The main issue was what agreement the parties actually made when Amanda and Lily acquired shares in Privato in January 2024. The Court had to decide the identity of the purchasers, the true purchase price, what amounts were paid, and whether the plaintiffs had repudiated the arrangement by allegedly failing to pay the balance or provide financial information. It also had to determine whether the later ASIC filing was effective to transfer the plaintiffs' shares and whether the conduct of the company's affairs was oppressive. The catchwords also show an Australian Consumer Law unconscionable conduct claim, but the full reasoning on that issue is not fully reproduced here.

Outcome

Decision

The plaintiffs substantially succeeded. Halley J accepted their account of the terms on which they acquired the shares in Privato and the amounts paid. The Court declared that the Form 484 lodged with ASIC on 27 March 2024 was ineffective in transferring title in the plaintiffs' shares to the first, second and third defendants. The first and second defendants were ordered to pay $100,000 to each plaintiff, plus $14,666.08 each in pre-judgment interest from 15 January 2024. The plaintiffs were also ordered to execute instruments transferring their shares to the first, second and third defendants so that each would hold 400 shares, and the defendants were ordered to lodge a validly executed Form 484 recording those transfers. Costs were awarded to the plaintiffs, and the fourth defendant's cross-claim was dismissed.

Practical impact

Commercial note

If you are buying or selling a company, do not treat a deposit note, a board minute and a Form 484 as enough. The safer approach is a written share sale agreement that clearly states the parties, the price, any deposit, who is contributing funds, whether anyone is acting as nominee or trustee, what happens on default, and exactly what must be handed over at settlement. Signed transfer instruments, payment records, director resignations and appointments, bank access, passwords, accounting access and company registers should all be dealt with together. This case also shows the danger of leaving one person in control after settlement for convenience. Here, the continuing control of the company bank account and later ASIC changes became central to the dispute. If any part of the arrangement is unusual, such as cash payments, overseas transfers or one person holding an interest informally, document it properly before money changes hands.

Snapshot

Liu v Miller-Kovacs, in the matter of Privato Enterprises Pty Limited [2025] FCA 1296 is a Federal Court dispute about an informal sale of a company that operated a Hornsby massage and adult services business. The parties disagreed about the most basic commercial points: who the real buyers were, whether the price was $300,000 or $50,000, how much had actually been paid, and whether later ASIC changes validly removed the buyers as shareholders.

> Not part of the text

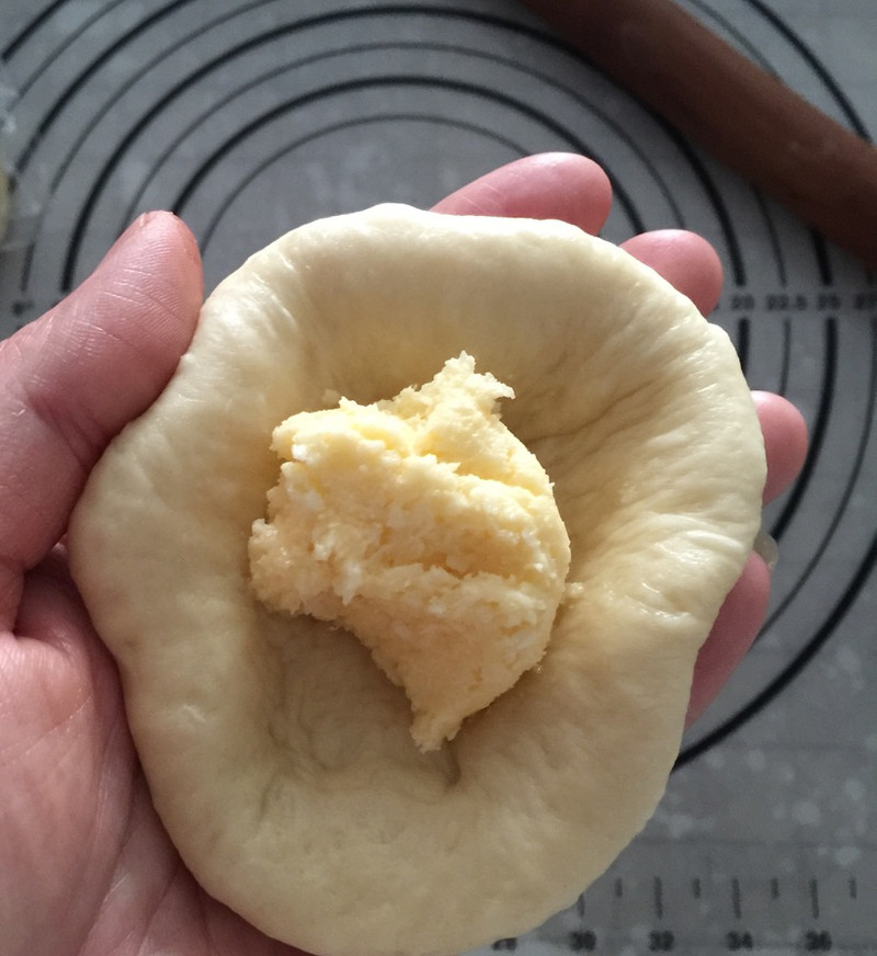 我把另外两个面团用剪子剪了十字口,在开口处填了些椰蓉馅,表面又撒些杏仁碎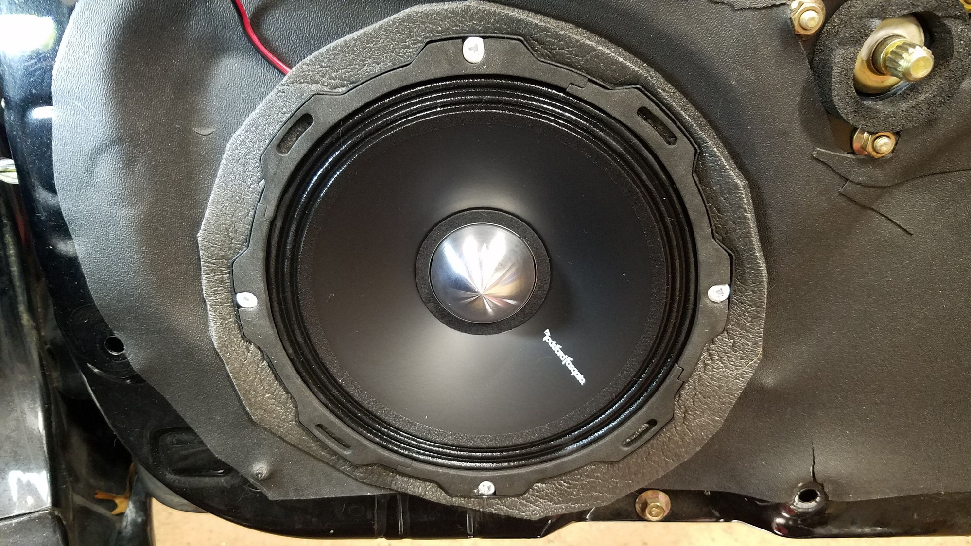 The 8" door speaker dropped right in after removing the old Fosgate coax speakers and pods (For sale, if interested).

The Court accepted the plaintiffs' account of the January 2024 transaction. It declared that a later Form 484 lodged on 27 March 2024 was ineffective to transfer the plaintiffs' shares, ordered the first and second defendants to repay $100,000 to each plaintiff with pre-judgment interest, required proper transfer instruments and a valid ASIC filing to be completed, and awarded costs to the plaintiffs. The fourth defendant's cross-claim was dismissed.

Key Takeaways

  • A handwritten deposit note and ASIC filing are not a substitute for a proper share sale agreement.
  • If ownership is disputed, the Court may reconstruct the deal from messages, banking records, board minutes and the logic of events.
  • Cash payments and informal side arrangements create major proof and credibility problems.
  • Leaving a seller or existing director in control of bank access after settlement can trigger serious operational and legal risk.
  • A later ASIC filing can be ineffective if the underlying transfer of shares was not validly authorised.

The story

Privato Enterprises Pty Ltd was registered in December 2022 and leased premises in Hornsby from which it operated a business known as 187 Hornsby. By mid-December 2022, Jordan Miller-Kovacs, Yuan Tian and Ruixiang Xin were the directors, and each held 400 shares.

In January 2024, Jinlan Liu and Aixiu Yu moved to acquire the business by buying shares in the company. The Court described the purchase as largely undocumented. On 11 January 2024, Amanda met Jordan, Hong and Anna at the premises. A handwritten Mandarin document titled “Deposit for Contract of Business Sale” was signed, and Amanda paid $30,000 in cash. That document referred to a $30,000 deposit and a $20,000 balance, but the parties later gave completely different explanations of what it meant.

The plaintiffs said the real arrangement was a $300,000 purchase of all shares in Privato, involving Amanda, Lily and Anna. They said $30,000 was paid on 11 January and the balance was paid on 15 January in cash and by an RMB transfer to China. Hong and Anna said the price was only $50,000, that only the deposit had been paid, and that the plaintiffs later defaulted.

On or about 15 January 2024, the parties met at an accountant's office in Burwood. Board resolutions were passed so that Anna and Hong ceased being directors, Jordan remained sole director and secretary for the time being, and the shareholding changed to 792 shares for Amanda, 396 shares for Lily and 12 shares for Jordan. A Form 484 was lodged with ASIC that day. The extract also records that 250,000 RMB was transferred to a Chinese bank account of Hong's son.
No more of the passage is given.